The Theme of Exile in Naipaul’s Fiction
Keywords:
Naipaul’s Fiction, exile, multi-culture, post- colonialAbstract
In the 20th century no one has gone to Naipaul’s lengths to cultivable such an emphatic link between the literary theme of exile and his personal literary, nor has anyone so consistently played off that connection in the body of his or her work. Naipaul is generally considered as the most comprehensively uprooted of twentieth century writers and the most bereft of national affiliations. He is regarded as one of the greatest writers of the theme of exile. Naipaul’s moralistic writing can be seen as a process of identity recovery undergoing a series of transformations: he denies or negates his Caribbean homeland, adopts a stage of mimicry in England searches for his cultural roots in India, and finally reconstructs his identity out of his multi-cultural particularity and uniqueness. His writing career comes in four stages: 1) alienation 2) colonial predicament 3) cultural heritage in India and 4) writing for self-definition. By accepting his homelessness and statelessness he recreates a new identity in exile. He makes a voice not only for himself but also for other marginalized people.
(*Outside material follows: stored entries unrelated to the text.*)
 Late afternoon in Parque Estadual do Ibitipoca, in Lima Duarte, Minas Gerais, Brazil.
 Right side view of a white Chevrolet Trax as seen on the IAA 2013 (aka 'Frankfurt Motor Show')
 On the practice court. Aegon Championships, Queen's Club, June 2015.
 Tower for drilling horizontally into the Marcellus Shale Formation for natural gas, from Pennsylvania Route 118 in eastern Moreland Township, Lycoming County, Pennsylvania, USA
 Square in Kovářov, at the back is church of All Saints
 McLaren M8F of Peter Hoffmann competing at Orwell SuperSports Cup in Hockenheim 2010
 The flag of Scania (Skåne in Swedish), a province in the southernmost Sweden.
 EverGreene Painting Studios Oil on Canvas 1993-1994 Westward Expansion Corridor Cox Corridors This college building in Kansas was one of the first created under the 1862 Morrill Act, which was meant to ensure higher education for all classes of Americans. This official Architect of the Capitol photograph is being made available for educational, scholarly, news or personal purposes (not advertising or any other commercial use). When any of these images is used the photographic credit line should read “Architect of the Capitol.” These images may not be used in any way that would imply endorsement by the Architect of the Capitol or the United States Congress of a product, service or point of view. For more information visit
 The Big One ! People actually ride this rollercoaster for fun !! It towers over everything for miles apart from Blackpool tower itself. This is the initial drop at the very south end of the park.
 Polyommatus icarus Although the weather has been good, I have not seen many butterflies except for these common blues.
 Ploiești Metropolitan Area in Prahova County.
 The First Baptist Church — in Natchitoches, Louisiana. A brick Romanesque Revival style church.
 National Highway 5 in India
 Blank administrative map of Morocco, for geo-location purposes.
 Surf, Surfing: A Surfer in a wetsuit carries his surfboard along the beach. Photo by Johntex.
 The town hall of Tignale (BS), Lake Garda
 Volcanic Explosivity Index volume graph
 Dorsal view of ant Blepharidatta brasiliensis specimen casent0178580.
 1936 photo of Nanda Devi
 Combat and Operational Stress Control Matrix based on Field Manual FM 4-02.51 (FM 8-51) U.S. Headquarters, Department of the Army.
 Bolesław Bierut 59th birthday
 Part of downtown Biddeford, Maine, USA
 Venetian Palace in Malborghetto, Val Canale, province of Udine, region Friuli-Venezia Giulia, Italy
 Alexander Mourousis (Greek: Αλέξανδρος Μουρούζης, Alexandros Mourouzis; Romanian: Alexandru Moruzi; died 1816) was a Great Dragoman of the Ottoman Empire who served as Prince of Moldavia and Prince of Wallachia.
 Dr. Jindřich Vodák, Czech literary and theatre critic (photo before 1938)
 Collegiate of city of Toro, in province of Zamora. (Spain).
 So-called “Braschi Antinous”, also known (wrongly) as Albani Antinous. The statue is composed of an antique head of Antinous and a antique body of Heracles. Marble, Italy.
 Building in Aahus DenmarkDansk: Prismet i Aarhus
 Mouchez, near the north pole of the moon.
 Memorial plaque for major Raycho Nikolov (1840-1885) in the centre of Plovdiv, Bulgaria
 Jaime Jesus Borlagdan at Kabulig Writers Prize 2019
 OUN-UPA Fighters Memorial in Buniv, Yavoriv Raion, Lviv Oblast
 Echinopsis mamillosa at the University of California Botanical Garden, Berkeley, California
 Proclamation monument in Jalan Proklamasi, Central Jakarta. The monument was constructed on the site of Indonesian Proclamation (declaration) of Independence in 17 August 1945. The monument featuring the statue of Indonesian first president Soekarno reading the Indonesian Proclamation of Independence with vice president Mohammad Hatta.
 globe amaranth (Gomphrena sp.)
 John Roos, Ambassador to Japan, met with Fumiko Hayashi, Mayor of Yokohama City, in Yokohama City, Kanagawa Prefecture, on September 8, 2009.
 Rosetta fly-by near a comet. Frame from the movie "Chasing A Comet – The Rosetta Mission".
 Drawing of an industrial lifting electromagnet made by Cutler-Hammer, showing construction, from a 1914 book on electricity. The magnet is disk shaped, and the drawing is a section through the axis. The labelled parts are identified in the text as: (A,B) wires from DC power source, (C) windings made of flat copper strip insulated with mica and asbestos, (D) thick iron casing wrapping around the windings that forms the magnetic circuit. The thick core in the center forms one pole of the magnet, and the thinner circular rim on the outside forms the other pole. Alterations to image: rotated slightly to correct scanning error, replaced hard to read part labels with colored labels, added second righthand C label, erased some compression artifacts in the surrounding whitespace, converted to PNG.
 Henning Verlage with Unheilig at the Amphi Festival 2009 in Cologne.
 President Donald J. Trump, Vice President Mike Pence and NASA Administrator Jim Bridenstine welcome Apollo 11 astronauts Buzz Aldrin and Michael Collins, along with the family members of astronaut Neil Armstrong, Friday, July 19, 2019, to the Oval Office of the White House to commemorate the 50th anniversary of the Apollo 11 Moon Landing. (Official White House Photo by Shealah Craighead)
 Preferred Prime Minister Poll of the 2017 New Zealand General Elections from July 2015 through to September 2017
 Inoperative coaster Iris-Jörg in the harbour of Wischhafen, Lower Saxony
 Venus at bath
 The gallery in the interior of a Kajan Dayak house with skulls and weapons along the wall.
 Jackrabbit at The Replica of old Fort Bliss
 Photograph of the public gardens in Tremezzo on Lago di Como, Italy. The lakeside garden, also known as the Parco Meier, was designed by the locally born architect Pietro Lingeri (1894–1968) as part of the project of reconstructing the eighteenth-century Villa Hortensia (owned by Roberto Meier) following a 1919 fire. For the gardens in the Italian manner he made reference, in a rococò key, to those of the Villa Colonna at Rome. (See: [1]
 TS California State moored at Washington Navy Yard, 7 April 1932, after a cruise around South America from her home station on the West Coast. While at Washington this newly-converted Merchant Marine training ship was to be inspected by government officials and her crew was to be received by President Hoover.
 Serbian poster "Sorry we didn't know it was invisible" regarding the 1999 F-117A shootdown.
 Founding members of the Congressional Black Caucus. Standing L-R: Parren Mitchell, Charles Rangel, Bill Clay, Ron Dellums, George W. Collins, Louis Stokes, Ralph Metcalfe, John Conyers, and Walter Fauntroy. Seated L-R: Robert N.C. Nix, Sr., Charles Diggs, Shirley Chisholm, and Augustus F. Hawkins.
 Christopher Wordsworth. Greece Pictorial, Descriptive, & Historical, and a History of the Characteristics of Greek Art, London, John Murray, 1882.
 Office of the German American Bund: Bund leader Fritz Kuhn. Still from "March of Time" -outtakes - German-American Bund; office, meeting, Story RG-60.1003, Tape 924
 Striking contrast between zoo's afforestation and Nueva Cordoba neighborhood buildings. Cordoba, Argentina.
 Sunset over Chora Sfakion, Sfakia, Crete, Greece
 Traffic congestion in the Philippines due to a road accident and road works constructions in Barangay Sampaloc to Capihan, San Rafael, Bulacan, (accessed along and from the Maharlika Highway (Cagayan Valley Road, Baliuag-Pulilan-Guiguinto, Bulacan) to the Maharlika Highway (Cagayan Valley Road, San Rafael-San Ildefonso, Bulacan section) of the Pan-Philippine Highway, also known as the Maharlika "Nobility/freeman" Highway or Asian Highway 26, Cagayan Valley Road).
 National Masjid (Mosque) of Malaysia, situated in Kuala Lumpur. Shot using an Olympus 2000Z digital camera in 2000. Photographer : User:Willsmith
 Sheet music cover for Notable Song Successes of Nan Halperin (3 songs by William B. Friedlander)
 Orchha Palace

V.S. Naipaul is one of the finest writers of the post- colonial era. Chief among the views on him is the recognition that at his finest, in books as varied as A House for Mr. Biswas, The Loss of EI Dorado and The Enigma of Arrival, Naipaul commands a unique style. Even Dereck Walcolt, a frequent critic of his ideas, hails him as the finest writer of the English sentence. Nor can one fail to admire Naipaul’s faithfulness to exacting standards of productivity. Many readers would concur that Biswas, a tragicomic novel of epic scope delivered at age twenty nine, remains his most remarkable work. Nothing since has equalled the inventiveness and emotional generosity of that homage to this father’s misfortunes in the straightened circumstances of colonial Trinidad.